- Title: Second Pittsburgher Rebbe

Personal life
- Born: Avraham Abba Leifer 1918 Nagykároly, Hungary (today Carei, Romania)
- Died: 7 January 1990 (aged 71–72) (10 Tevet 5750) Ashdod, Israel
- Buried: Har HaMenuchot, Jerusalem
- Spouse: Rachel Rosenbaum
- Children: 2
- Parent: Yosef Leifer (father);
- Dynasty: Pittsburgh

Religious life
- Religion: Judaism

Jewish leader
- Predecessor: Yosef Leifer
- Successor: Mordechai Yissachar Ber Leifer
- Began: 7 March 1966
- Ended: 7 January 1990
- Main work: Emunas Avraham
- Dynasty: Pittsburgh

= Avraham Abba Leifer =

American rabbi (1918-1990)

Avraham Abba Leifer (אברהם אבא לייפר, אברהם אבא לייפער; 1918 - 7 January 1990) was the second Rebbe of the Pittsburgh Hasidic dynasty and the instigator for the relocation of the Hasidut from its original location in Pittsburgh, Pennsylvania to the Israeli coastal city of Ashdod. He was widely known for his yiras Shamayim (fear of Heaven).

==Early life==
Avraham Abba Leifer was born in Nagykároly, Hungary (today Carei, Romania) to Rabbi Yosef Leifer, the grandson of Rabbi Mordechai of Nadvorna and a direct descendant of Grand Rabbi Meir the Great of Premishlan, a disciple of the Baal Shem Tov. He was the oldest of four brothers; the others were Yissachar Ber, Mordechai and Yitzchak Eisik. Yitzchak Eisik died at the age of 11.

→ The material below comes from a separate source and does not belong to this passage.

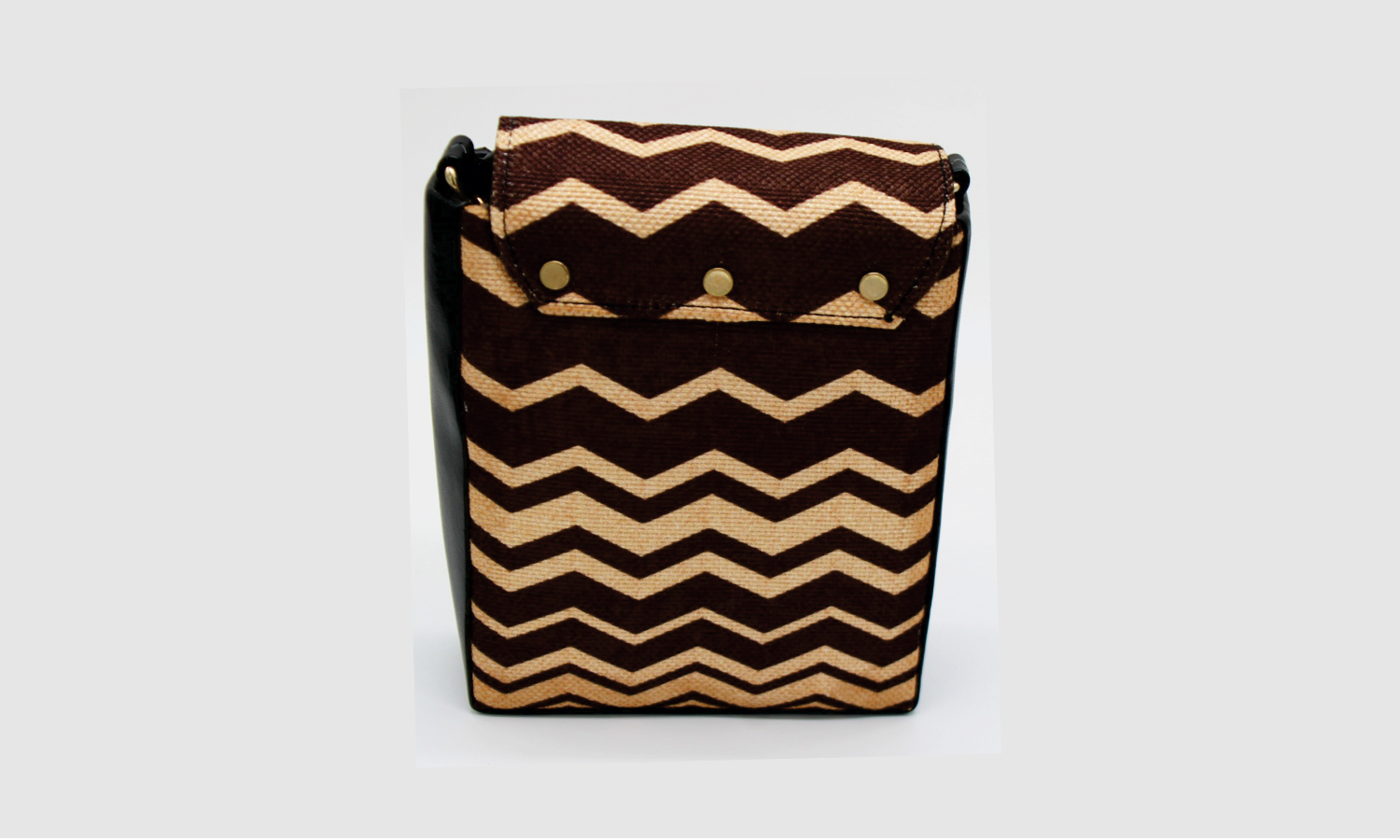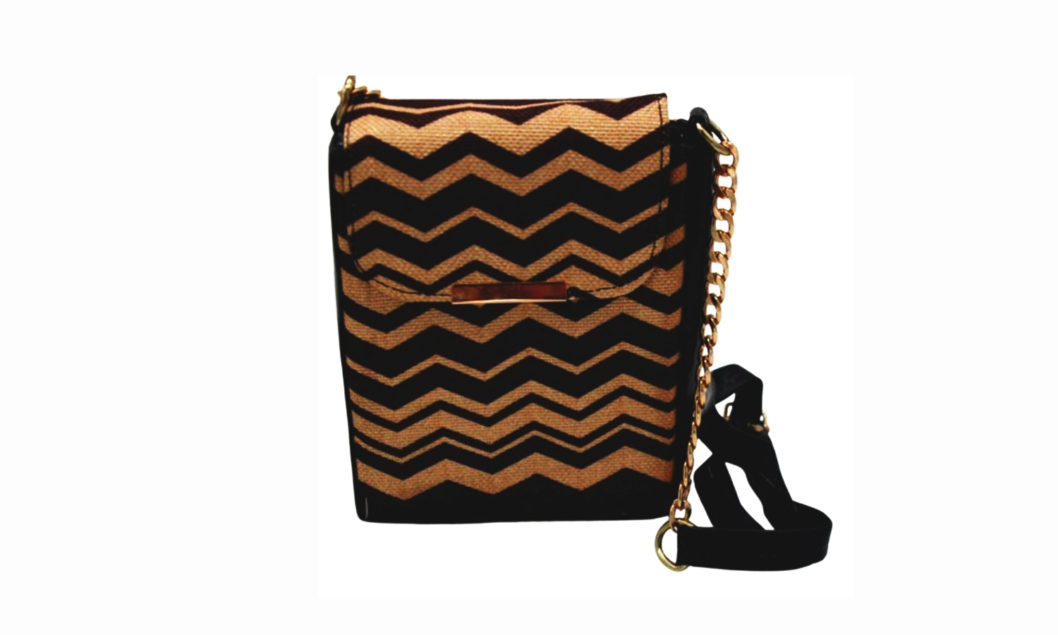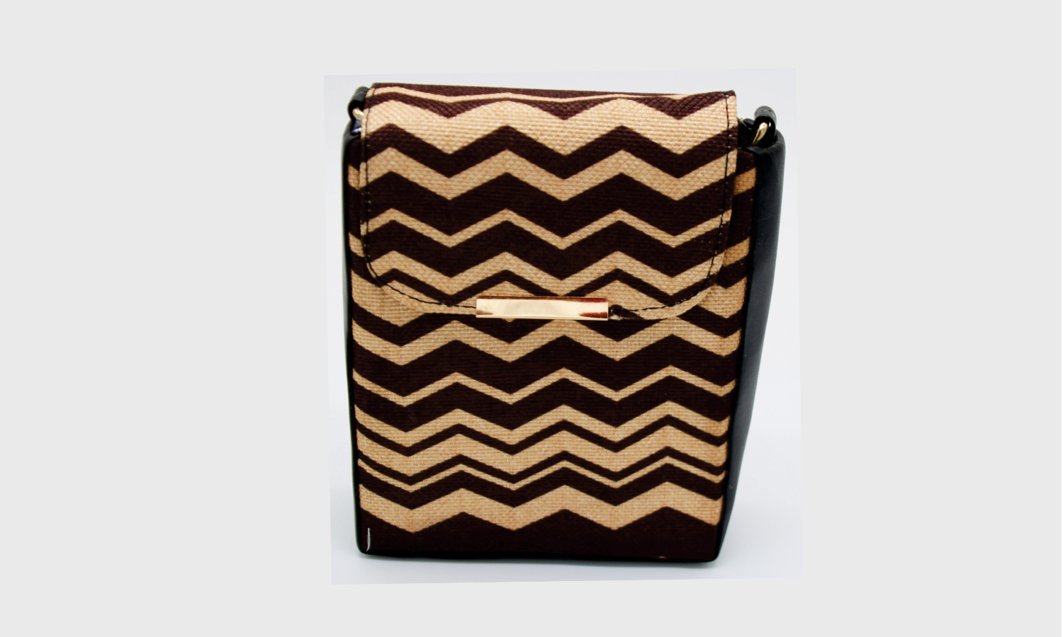 Stylish brown sling bag with a bold and trendy zigzag pattern.

Before the First World War, Rabbi Yosef Leifer traveled to America to raise money to marry off his orphaned nieces. When he came to the city of Pittsburgh, Pennsylvania, the local Hasidic community asked him to stay and serve as their spiritual leader. Rabbi Yosef agreed and brought over his entire family, naming himself the Pittsburger Rebbe. He served as Rebbe for more than four decades, until his death on 7 March 1966 (Shushan Purim 5726).

Though the family now lived in America, the Pittsburger Rebbe sent his three eldest sons to learn in yeshivas in Europe. He sent Avraham Abba to the yeshiva in Rachov right after his bar mitzvah in 1930. Avraham Abba received rabbinic ordination there at the age of 17, being fluent in the Shulchan Aruch and knowing the entire Shas by heart. He also learned in the yeshiva in Sekelheid, considered to be the crown of Hungarian yeshivas, where he excelled in his studies.

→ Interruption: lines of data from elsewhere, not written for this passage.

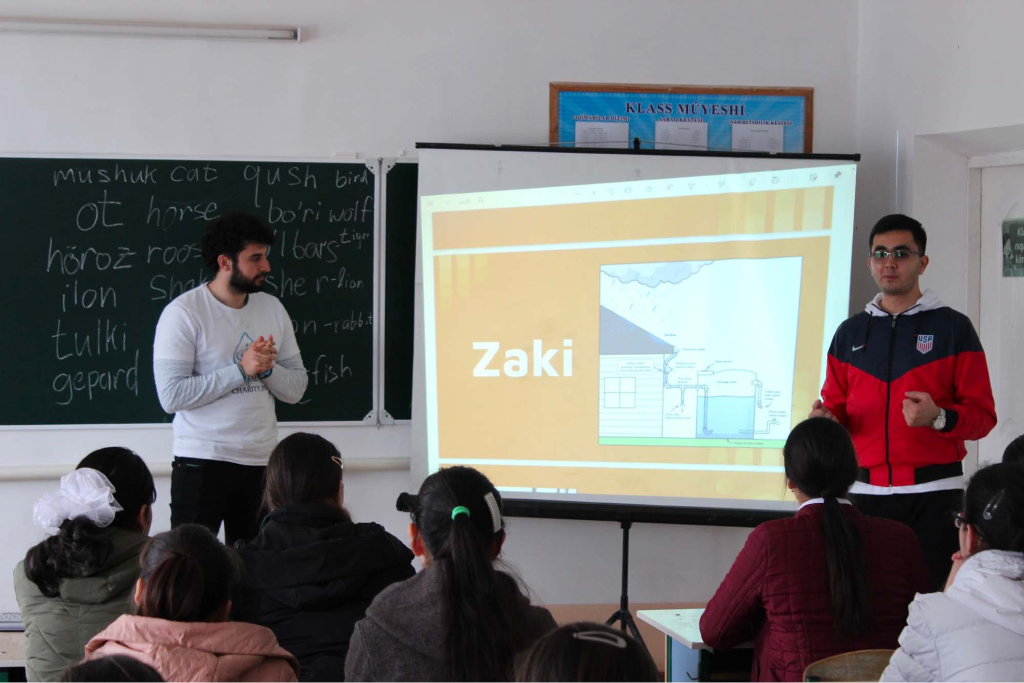 We designed and instructed lessons for 6 days across two weeks. I led two of these lessons, one on water usage statistics and another on water filtration. My lessons were given in English with translation by one of our Uzbek partners.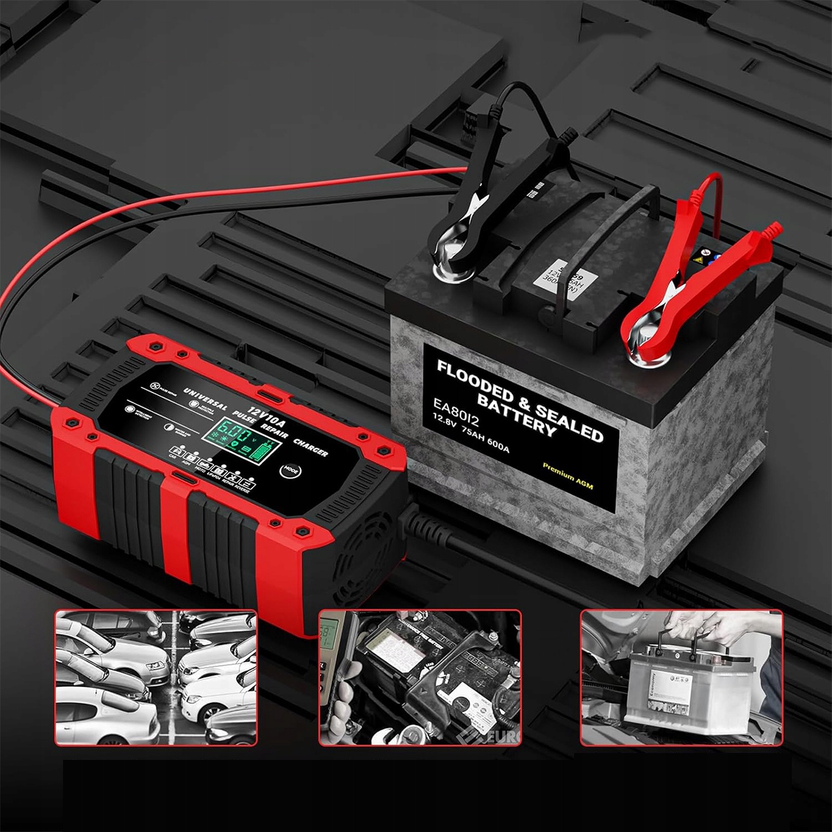 Car Charger 10a, интеллектуальное, полностью автоматическое автомобильное зарядное устройство 12 В, зарядное устройство с температурной компенсацией и ЖК -дисплей для автомобилей, мотоциклов, грузовиков (красный и черный)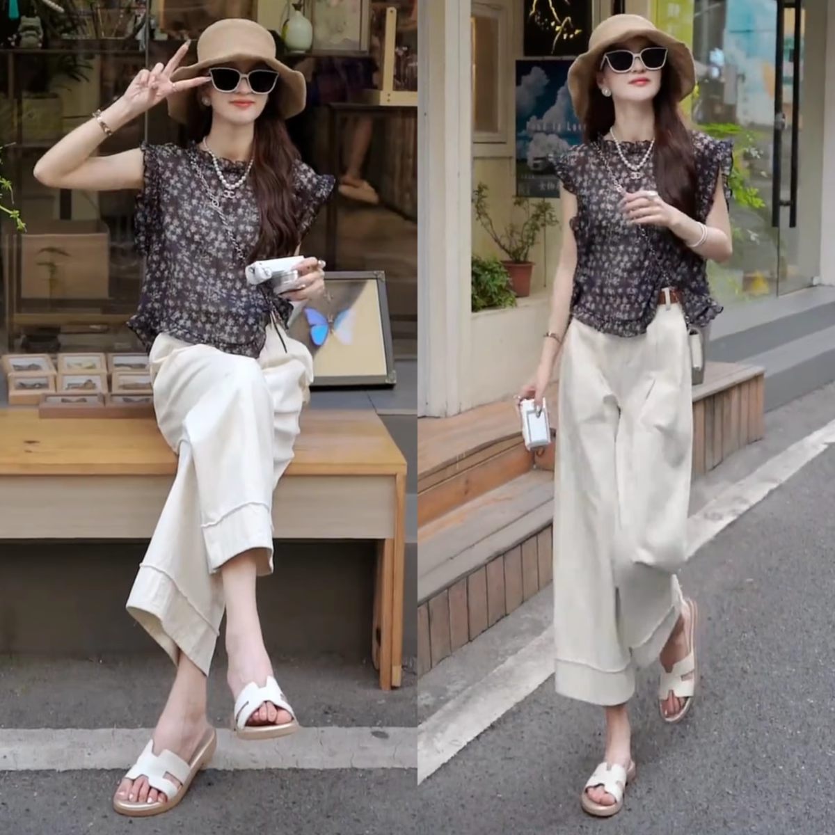 夏装搭配一整套碎花飞飞袖小衫阔腿裤小个子显高时尚减龄两件套装

He married Rachel Rosenbaum, the daughter of Rabbi Isamar Rosenbaum, Admor of Nadvorna. Due to the political situation in Europe, his parents were unable to attend the wedding. He and his new wife were supported by her father for eight years in the city of Chernowitz.

==World War II==
Of the three brothers learning in European yeshivas, only Avraham Abba survived the Holocaust. The Nazis who were in charge of Chernowitz ordered all Jews to sew a yellow badge on their coats and to shave their beards. Leifer did not shave his beard, and he once went outside to accompany a visitor home without remembering to put on his coat, on which the yellow badge was sewn. Nazi officials arrested him and brought him to a large courtyard where thousands of Jews had been rounded up for deportation. Though most of the captured Jews spoke bleakly about their fate, Leifer displayed strong emunah (faith in God) and immersed himself in heartfelt prayer. Two days later, when the men were being led into cattle cars, an SS officer instructed Leifer to stand to the side. After the transport left, the officer said to him, "You should know that in the past few days, I observed all of you, and I heard everyone talking with despair in their voices, except for you. You were busy praying to your God, so know that your God has heard your prayers and you are free to go." Leifer ran back to his father-in-law's house, where his family was already mourning his demise. He recounted this story of his personal redemption at every Passover Seder.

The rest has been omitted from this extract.